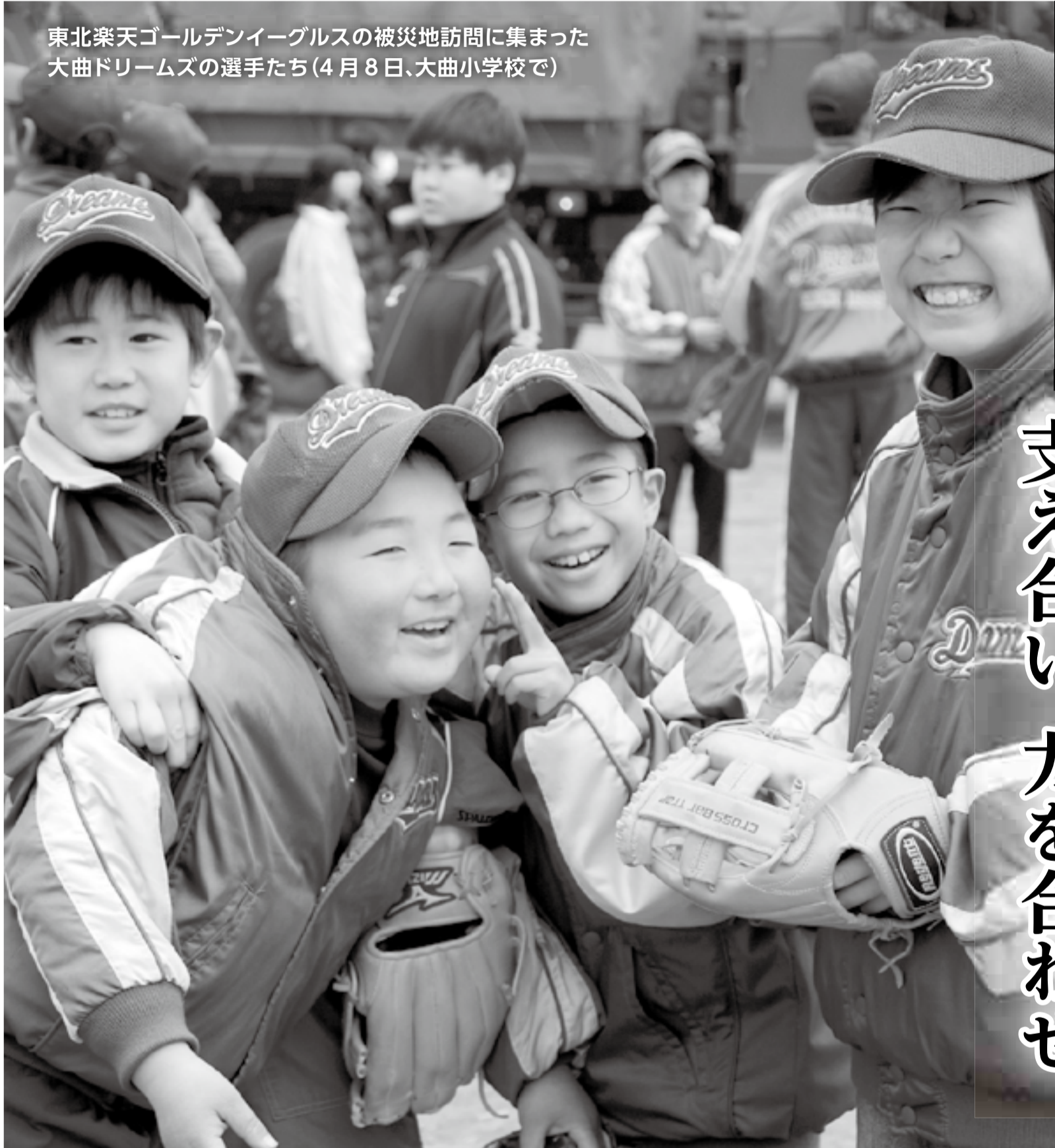
東北楽天ゴールデンイーグルスの被災地訪問に集まった大曲ドリームズの選手たち(4月8日、大曲小学校で)
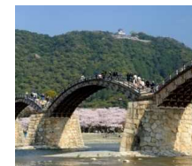
日本三名橋の一つにも数えられている錦帯橋。日本の匠ともいえる美しい構造
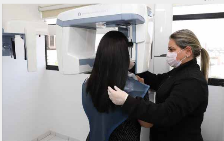
Podem ter acesso ao serviço os pacientes com indicação de dentista da rede pública

A medida integra o programa 'Mauá Sorridente', que vem retomando o atendimento em saúde bucal
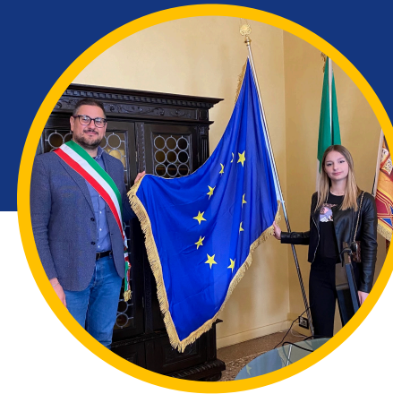
Vicesindaco di Isola della Scala
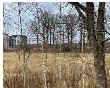
Bild från planområdet.
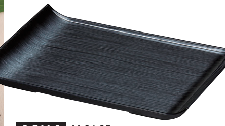
8-544-9 M-24-95 Aアールトレー 黒銀刷毛目測黒 ¥2,300 (27.5×18×2.5) 幅80
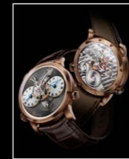
LMI XIA HANG RG
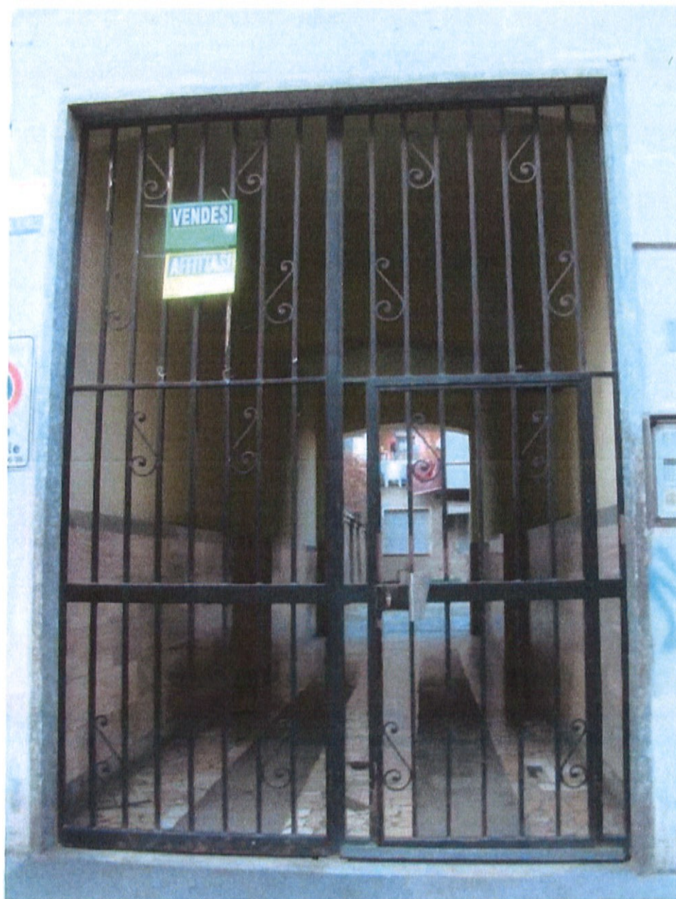
Fotografia n. 4 – Via Padova n. 151 Milano: particolare del portone di ingresso

MARIANGELA SIRENA Architetto - 20146 Milano - Via Arzaga, 15 Tel. 02 4120786 - fax 02 39543015 - cell. 335 5470992 e-mail: mariangela.sirena@pct.pecopen.it - arch.mariangelasirena@lamiapcc.it website: www.studiosirena.it
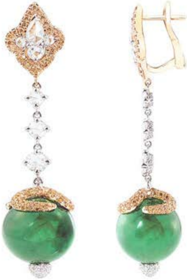
Серьги из белого и желтого золота с изумрудами и белыми и желтыми бриллиантами
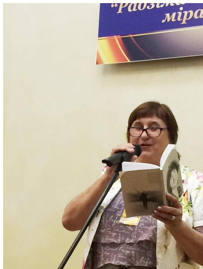
Паэтэса Тамара Мазур
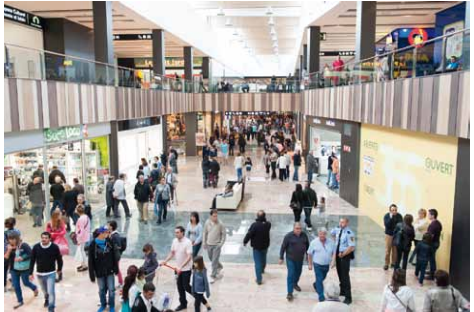
• Imatge general del passadís central de l'outlet Gran Jonquera

Humilment, no puc donar lliçons a ningú. Però crec en dues coses: una és que hem
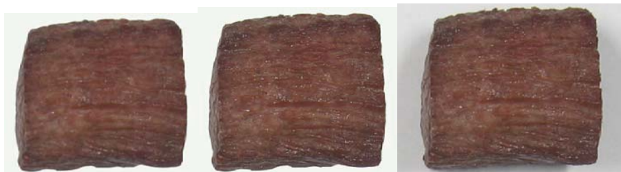
شکل ۱- پیش پردازش تصاویر مربوط به نمونه گوشتی که با پیش تیمار میکروویو W/g ۵/۲۳، در دمای ۱۶۰ درجه سانتی گراد و زمان ۴۵ ثانیه سرخ شده (از چپ به راست ابتدا حذف پس زمینه تصاویر با استفاده از نرم افزار فتوشاپ و سپس استفاده از فیلتر میانه با شعاع یک پیکسل)

شکل ۱ مراحل پیش پردازش تصویر را برای یک نمونه گوشت سرخ شده نشان می دهد. همان مقیاسی است که برای یک شیء استفاده می شود. در فرک لک این مقیاس برابر نسبت اندازه جعبه به اندازه تصویر می باشد؛ که منظور از اندازه تصویر، مرز شامل قسمت پیکسلی ۷ یک تصویر است. مقادیر خطای استاندارد در محاسبه بعد برخالی از رابطه (۳) محاسبه می شوند:
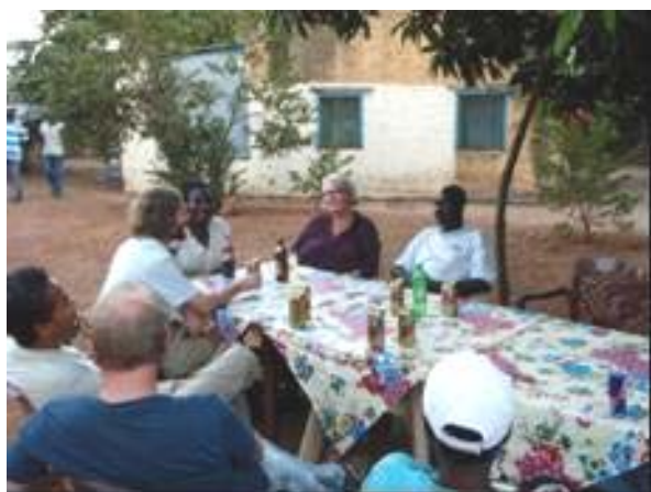
Hyggeaften i Mango Villa

Ud over hvad man kan købe på markedet er det også muligt at spise på de lokale "spisesteder". Man skal dog være klar over at råvarerne kommer fra markedet og de heller ikke har noget køleskab. Men maden smager fint kvaliteten er der ikke noget at udsætte på og jeg har ikke haft problemer med maven efterfølgende.
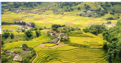
หมู่บ้านต้าฟาน
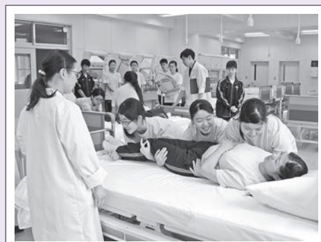
2. 手順を確認後、4人1組で、実習がスタート。先生が付き添い、指導します。利用者に不安感を与えないよう、「めまいはありませんか?」など声をかけながら介助します。
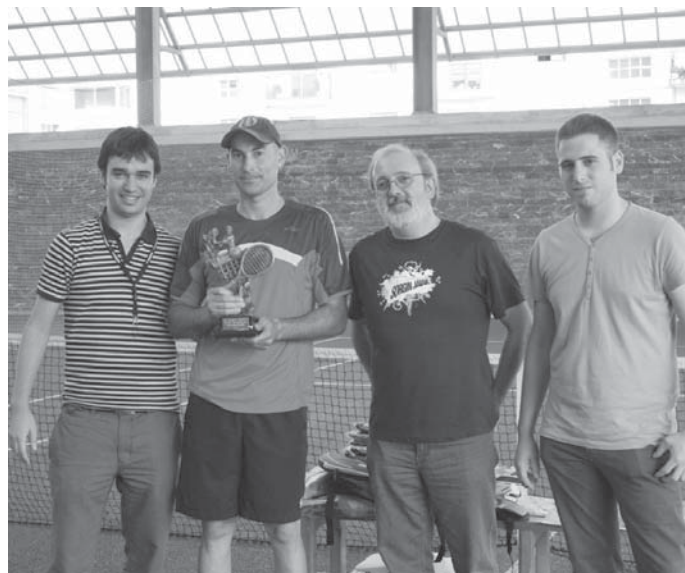
Nahiko erraz irabazi zuen Quintana azpeitiarrak finala.
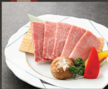
Saloin - Thăn ngoại 880K (100g)
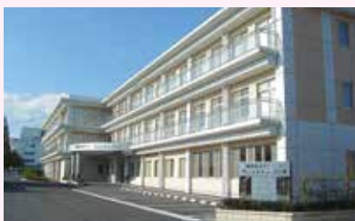
社会福祉法人 学而会 特別養護老人ホーム サンシャインプラザ
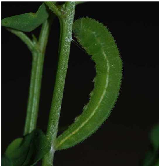
Abbildung 14: Vorpuppe des Leguminosen-Weißlings am 22.8.2008 an Hornklee (Zuchtfoto - ex ovo)

Zur Verpuppung sucht sich die Raupe einen geschützten Platz z.B. an der Fraßpflanze und spinnt sich mit dem Fußende unten an. Im Brustbereich spinnt sie einen Gürtel aus einer Vielzahl von Spinnfäden an die Unterlage. Zuletzt begibt sie sich in den Gürtel und es beginnt die Ruhephase der Vorpuppe.
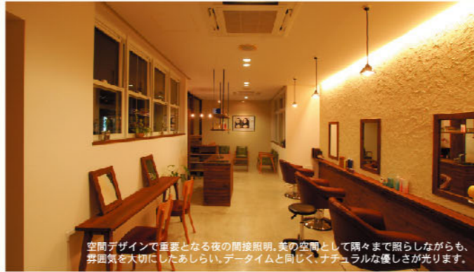
空間デザインで重要となる夜の間接照明。柔らかな光として隅々まで照らしながらも、雰囲気大切にしたい。データイムと同じく、ナチュラルな優しさが光ります。
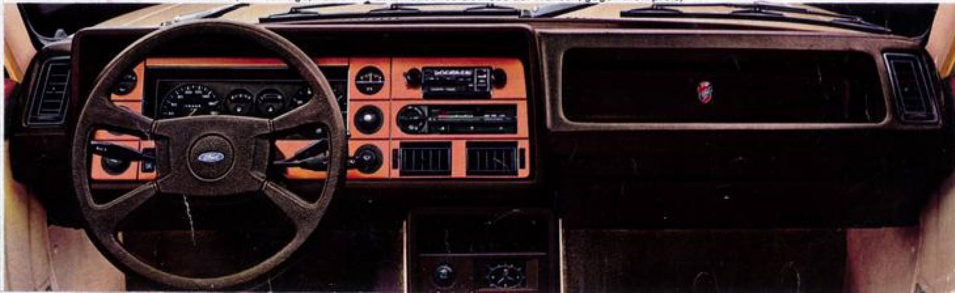
▼ Ford Granada Ghia Instrumentenfront (Klimaanlage, Radio und automatisches Getriebe auf Wunsch, gegen Mehrpreis)
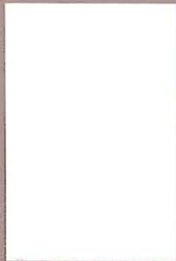
5060 Lumi 3
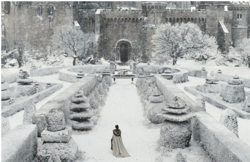
Figura 31. Reino no tempo do inverno.

☆ ☆ ☆ ☆

* **Work order**: The job is to copy all the records precisely while omitting any picture.

* **Reply to the task**:
東北楽天ゴールデンイーグルスの被災地訪問に集まった大曲ドリームズの選手たち(4月8日、大曲小学校で)
日本三名橋の一つにも数えられている錦帯橋。日本の匠ともいえる美しい構造
Podem ter acesso ao serviço os pacientes com indicação de dentista da rede pública

A medida integra o programa 'Mauá Sorridente', que vem retomando o atendimento em saúde bucal
Vicesindaco di Isola della Scala
Bild från planområdet.
8-544-9 M-24-95 Aアールトレー 黒銀刷毛目測黒 ¥2,300 (27.5×18×2.5) 幅80
LMI XIA HANG RG
Fotografia n. 4 – Via Padova n. 151 Milano: particolare del portone di ingresso

MARIANGELA SIRENA Architetto - 20146 Milano - Via Arzaga, 15 Tel. 02 4120786 - fax 02 39543015 - cell. 335 5470992 e-mail: mariangela.sirena@pct.pecopen.it - arch.mariangelasirena@lamiapcc.it website: www.studiosirena.it
Серьги из белого и желтого золота с изумрудами и белыми и желтыми бриллиантами
Паэтэса Тамара Мазур
• Imatge general del passadís central de l'outlet Gran Jonquera

Humilment, no puc donar lliçons a ningú. Però crec en dues coses: una és que hem
شکل ۱- پیش پردازش تصاویر مربوط به نمونه گوشتی که با پیش تیمار میکروویو W/g ۵/۲۳، در دمای ۱۶۰ درجه سانتی گراد و زمان ۴۵ ثانیه سرخ شده (از چپ به راست ابتدا حذف پس زمینه تصاویر با استفاده از نرم افزار فتوشاپ و سپس استفاده از فیلتر میانه با شعاع یک پیکسل)

شکل ۱ مراحل پیش پردازش تصویر را برای یک نمونه گوشت سرخ شده نشان می دهد. همان مقیاسی است که برای یک شیء استفاده می شود. در فرک لک این مقیاس برابر نسبت اندازه جعبه به اندازه تصویر می باشد؛ که منظور از اندازه تصویر، مرز شامل قسمت پیکسلی ۷ یک تصویر است. مقادیر خطای استاندارد در محاسبه بعد برخالی از رابطه (۳) محاسبه می شوند:
Hyggeaften i Mango Villa

Ud over hvad man kan købe på markedet er det også muligt at spise på de lokale "spisesteder". Man skal dog være klar over at råvarerne kommer fra markedet og de heller ikke har noget køleskab. Men maden smager fint kvaliteten er der ikke noget at udsætte på og jeg har ikke haft problemer med maven efterfølgende.
หมู่บ้านต้าฟาน
2. 手順を確認後、4人1組で、実習がスタート。先生が付き添い、指導します。利用者に不安感を与えないよう、「めまいはありませんか?」など声をかけながら介助します。
Nahiko erraz irabazi zuen Quintana azpeitiarrak finala.
Saloin - Thăn ngoại 880K (100g)
社会福祉法人 学而会 特別養護老人ホーム サンシャインプラザ
Abbildung 14: Vorpuppe des Leguminosen-Weißlings am 22.8.2008 an Hornklee (Zuchtfoto - ex ovo)

Zur Verpuppung sucht sich die Raupe einen geschützten Platz z.B. an der Fraßpflanze und spinnt sich mit dem Fußende unten an. Im Brustbereich spinnt sie einen Gürtel aus einer Vielzahl von Spinnfäden an die Unterlage. Zuletzt begibt sie sich in den Gürtel und es beginnt die Ruhephase der Vorpuppe.
空間デザインで重要となる夜の間接照明。柔らかな光として隅々まで照らしながらも、雰囲気大切にしたい。データイムと同じく、ナチュラルな優しさが光ります。
▼ Ford Granada Ghia Instrumentenfront (Klimaanlage, Radio und automatisches Getriebe auf Wunsch, gegen Mehrpreis)
5060 Lumi 3
Figura 31. Reino no tempo do inverno.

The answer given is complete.